Concurrent connections can use different isolation levels.
Isolation level and concurrency are inversely related. A lower isolation level enables greater concurrency, but with greater risk of data inconsistencies. A higher isolation level provides a higher degree of data consistency, but at the expense of concurrency.
TimesTen supports two isolation levels:
Read Committed Isolation
Read committed isolation provides increased concurrency because readers do not block writers and writers do not block readers.
When an application uses read committed isolation, readers use a separate copy of the data from writers, so read locks are not needed. Read committed isolation is non-blocking for queries. Under read committed isolation, writers block only other writers and readers using serializable isolation; writers do not block readers using read committed isolation. Read committed isolation is the default isolation level.
TimesTen uses versioning to implement read committed isolation. TimesTen update operations create new copies of the rows they update to allow nonserializable read operations of those rows to proceed without waiting.
Figure 4-1 shows that some applications read a committed copy of the data while another application writes and reads on an uncommitted copy.
This isolation level is useful for applications that have long-running scans that may conflict with other operations needing access to a scanned row. However, the disadvantage when using this isolation level is that non-repeatable read operations are possible within a transaction or even a single statement (for example, the inner loop of a nested join).
When using this isolation level, DDL statements that operate on a table can block readers and writers of that table. For example, an application cannot read a row from a table if another application has an uncommitted DROP TABLE, CREATE INDEX, or ALTER TABLE operation on that table. In addition, blocking checkpoints block both readers and writers.
Read committed isolation does acquire read locks as needed during materialized view maintenance to ensure that views are consistent with their detail tables. These locks are not held until the end of the transaction but are instead released when materialized view maintenance has been completed.
Serializable Isolation
When an application uses serializable isolation, locks are acquired within a transaction and are held until the transaction commits or rolls back for both read and write operations.

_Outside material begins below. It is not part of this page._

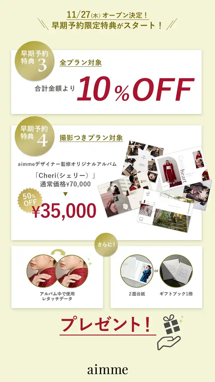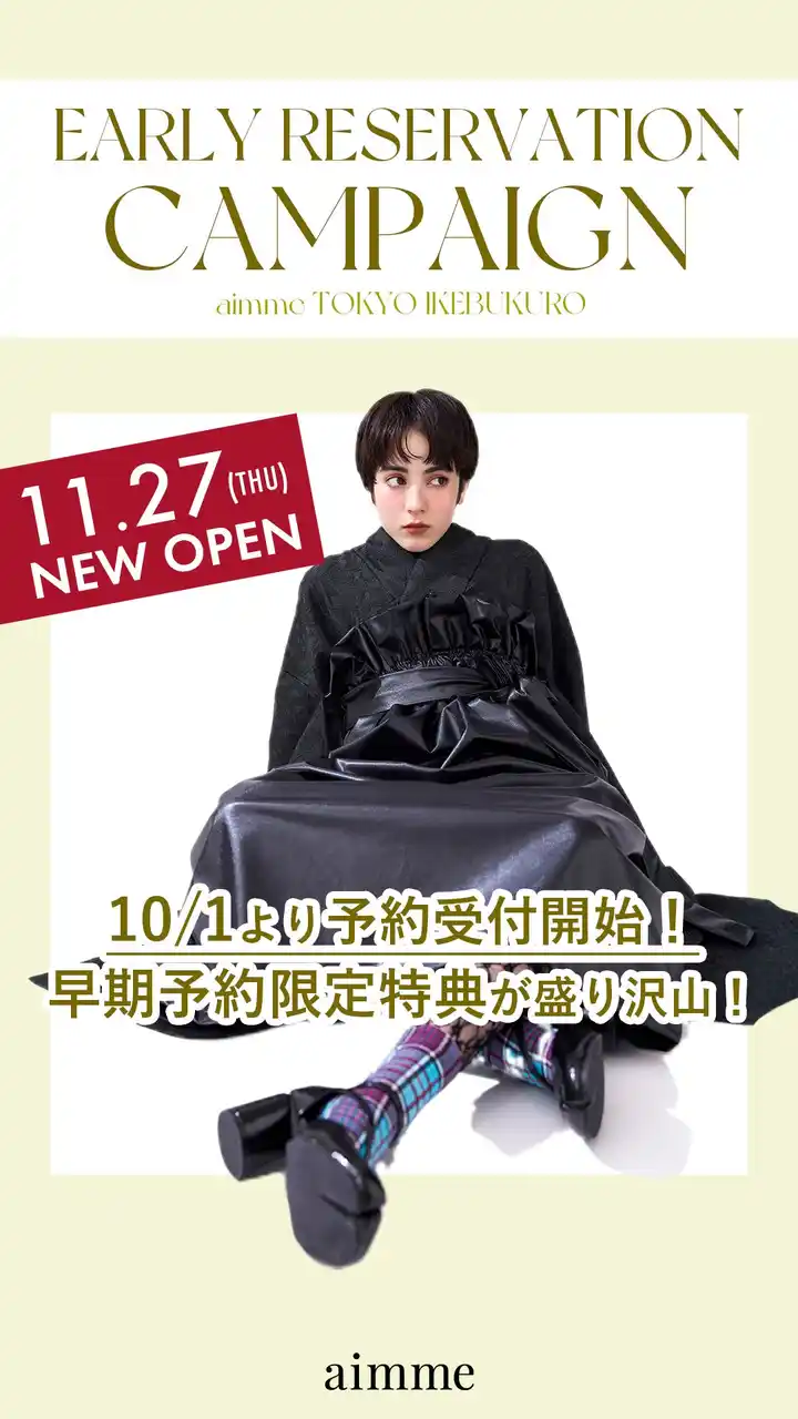 aimme東京池袋店オープンを記念し、先行予約期間中にご契約いただいたお客さまを対象とした限定特典を複数ご用意しております。 |
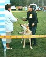 To dzięki Boltonowi polubiliśmy wystawy. Uczyliśmy go by ładnie stał, pokazywał zęby. Nasze potknięcia nie były karane - przez długi czas Bolton był jedynym wilczakiem na ringu, więc tytuły dostawał prawie automatycznie. Przychodzi jednak czas, gdy człowiekowi zaczyna brakować adrenaliny - ruszyliśmy na podbój zagranicy. Początkowo do Niemiec (na pierwszej dużej wystawie wilczaków wpadło nam do kieszeni Zwycięstwo Klubu Niemiec 2000), a potem do "ojczyzny" czeweczek; do Czech. I tam mimo sporej konkurencji załapaliśmy się na parę CAC'ów...

As a result, a row that has been read by one transaction cannot be updated or deleted by any other transaction until the first transaction completes. Similarly, a row that has been inserted, updated, or deleted by a transaction cannot be accessed in any way by any other transaction until the first transaction completes.
This level of isolation provides for repeatable read operations and increased isolation within a transaction at the expense of decreased concurrency. Transactions use serializable isolation when database-level locking is chosen.
Figure 4-2 shows that locks are held until the transaction is committed.
Serializable isolation level is useful for transactions that require the strongest level of isolation. Concurrent applications that must modify the data that is read by another transaction may encounter lock timeouts because read locks are held until the transaction commits.